Осмолов долго молчит и потом, точно подбадривая себя, заканчивает:
— Я еще работник, мне силы не занимать стать. А все же поближе к сыну надо держаться, хоть и жалко мне местов этих до судороги.
Уже меркнет восточный склон неба, когда мы подходим к Северке. О, как дико разрослись здесь неухоженные, обесплодевшие вишневые и терновниковые сады, как буйно вымахали лопухи и полынь на хорошо удобренных в прежние года усадьбах, каким запустением веет от бесформенных груд битого кирпича на месте некогда горячих русских печей, что пекли и варили, сушили и томили, грели и врачевали!..
А ночью, когда за окнами черной стеной стоит августовская темь и мы спим в осмоловской избе на драных половиках под полуистлевшим тулупом, Еремей то ли во сне, то ли в тревожной бессоннице вдруг опять протяжно вздыхает:
— Мыслимо ли?!
— Ты чего, дядя?
— Ну, мыслимо ли!? — приподнимается на локте Еремей. — В поселке том так заведено, что коров никто не держит и молоко по утрам в ларьке за сниженную цену каждый сам себе покупает. Мыслимо ли, я спрашиваю, чтоб крестьянин без коровы был?
Утром чуть свет я ухожу с ружьем в пойму.
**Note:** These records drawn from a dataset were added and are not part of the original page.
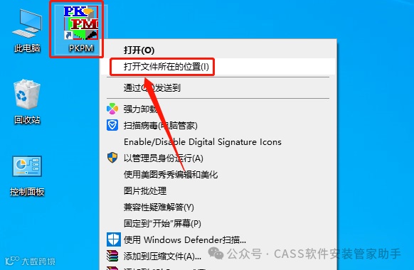 23.桌面找到PKPM软件图标,鼠标右击选择【打开文件所在的位置】。
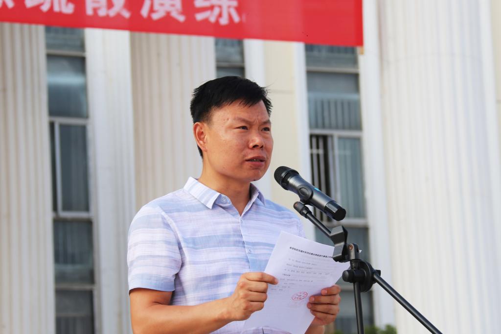 学工处处长张建荣作演练动员讲话,他希望全体人员要增强忧患意识,以饱满的精神、规范的动作,体验整个疏散过程,以获得经验;要高度重视演习中的安全。希望保卫处要在演习结束后及时总结,做好后续教育防范工作。他表示,这是我们学校近年来的一个常规训练项目,旨在通过这样的演练,让同学们学习和掌握地震、消防自救知识,增强预防地震、自然灾害和消防安全意识。
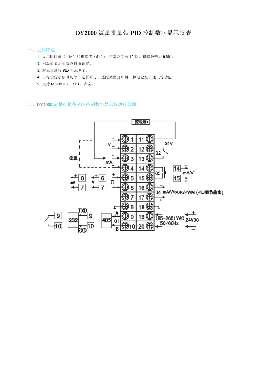 DY2000(AJ)流量積算帶PID調節(jié)控制數字顯示儀表
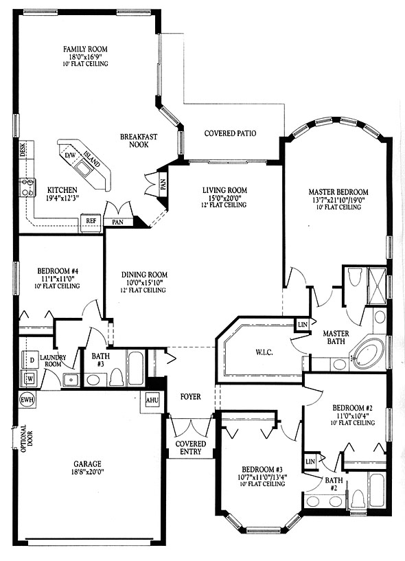 Walk in to a large living/dining space from a wonderful wide entry foyer. 12 foot ceilings add to open feeling as do the sliding glass doors that lead out to the covered patio. Kitchen with island opens to breakfast nook and large family room. Lots of windows make it light, two tall pantries give lots of storage. Master bedroom has dramatic curved window wall. Luxurious bath with EVERYTHING and there is an enormous walk-in closet. Lots of options offered.
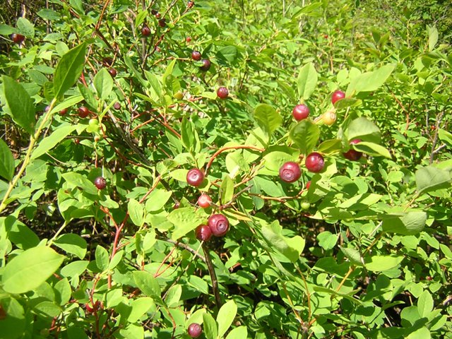 Huckleberries -- 14 July 08 -- I have a lot of wood to saw, but I really couldn't get into it on this trip, especially in the heat. I'm hoping in a year or two I'll be able to get some clean synthetic fuel or biofuel that will make it tolerable for me to bring out the chainsaw. I enjoy hand sawing much more than chainsawing, but thirty minutes of chainsawing would be better than thirty hours of hand sawing.
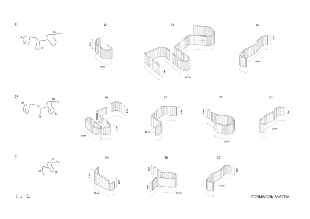 混凝土浇筑模板框架由回收的或粗糙的低等级木材在场地内现场组建,使用30厘米宽的面板构筑大曲度曲面墙壁,使用20厘米宽的面板构筑曲度小些的曲面,而以20厘米宽的木条构筑急转弯曲线。
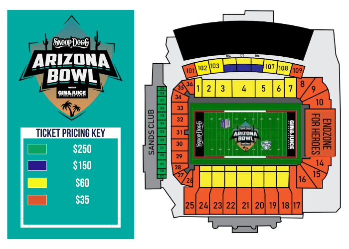 Sands Club tickets are $250 each and inventory is limited. Includes food and soft drinks. Online sales are not available. To purchase Sand Club tickets call 520-AZBOWL1 (520-292-6951) or email Tickets@theArizonaBowl.com.
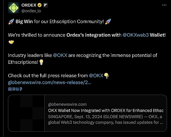 ● Ethscriptions 宣布 Ordex 与 @OKXweb3 钱包整合!$eths 大涨 40%,目前 1.2u 附近。
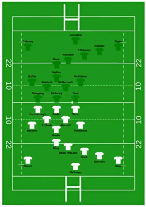 | 13:00 GMT (UTC±00:00) | Try: Moloney 10' m Naoupu 15' m Parsons 67' m Pen: Murphy (1/1) 5' |

Там тоже уже все внове для меня — заросли старые тропы, прорублены в кустарниках новые, затянулись знакомые болотца, скопились в ямах другие озерки… И сам-то, сам-то я не нахожу к вечеру сил, чтобы вернуться в деревню, а коротаю ночь под стогом, слышу сквозь чуткий сон плеск реки о глинистый берег, возню и писк мышей в стогу.
И только к полудню, после утренней зорьки, я снова в Северке. Удальцы-плотнички уже ободрали с Еремеевой избы крышу, сняли стропила и теперь раскатывают стены. С озорными прибауточками два парня без рубах подают сверху за концы бревно, третий, постарше, пособляет им снизу багром, бревно падает, и по ветру летят серые хлопья сухой истлевшей пакли…
Скоро, должно быть, очень скоро дикий лес и одичавшие сады сомкнутся на месте старой Северки.